Patrick 16th February 2010 04:25 I'm looking for any information on Eveline Frances Amelia Lezer QUICK. She was born 4 March 1855 and christened some years later on 28 Feb 1864 at St Anne Soho, Westminster, London. She shows up on the IGI but I'm unable to find any census records relating to her. There is a possibility that she changed her name to Evelyn Ledger COOKE (reason unknown). Does anyone have knowledge of her please.

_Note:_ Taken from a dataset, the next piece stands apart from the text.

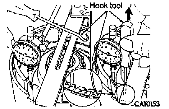 28. Check reverse clutch pack clearance by clutch reaction plate using a hook tool.

What that thread doesn't mention (another does) is her marriage:
Marriages Mar 1873 COOKE Evylin Ledger St. Geo. H. Sq. 1a 540 Pay George St Geo Han Sq 1a 540
Name: Evelyn Pay Age: 26 Estimated birth year: abt 1855 Relation: Wife Spouse's name: George Pay Where born: St Johns Wood, Middlesex, England Condition as to marriage: Married Civil parish: Edmonton County/Island: Middlesex Street Address: Bush Hill Park Bush Hill House Coachmans Cott
George Pay 31 Evelyn Pay 26 Albert H. Pay 7 Frederick Pay 3 Evelyn M. Pay 1
Is this the person you are actually trying to trace??
So the search for Charles Quick is based on the hypothesis that Evylin Ledger Cooke who married Pay was Eveline Frances Amelia Lezer QUICK [Lezer probably mistranscribed Leger?] who was baptised 9 yers later as the child of
Marriages Dec 1859 Cooke Frances Hendon 3a 121 Quick Charles Henry Hendon 3a 121
?
It was asked in an earlier thread whether you have the Cooke+Pay marriage certificate, and what it says for the father's name.
Given the configuration of the name Eveline Frances Amelia Lezer [Leger?] Quick / Evylin Ledger Cooke, I would tend to think that the L name was the father's surname and the parents' weren't married. As I said above: The fact that she was baptised as a child of Charles Quick doesn't mean she actually was.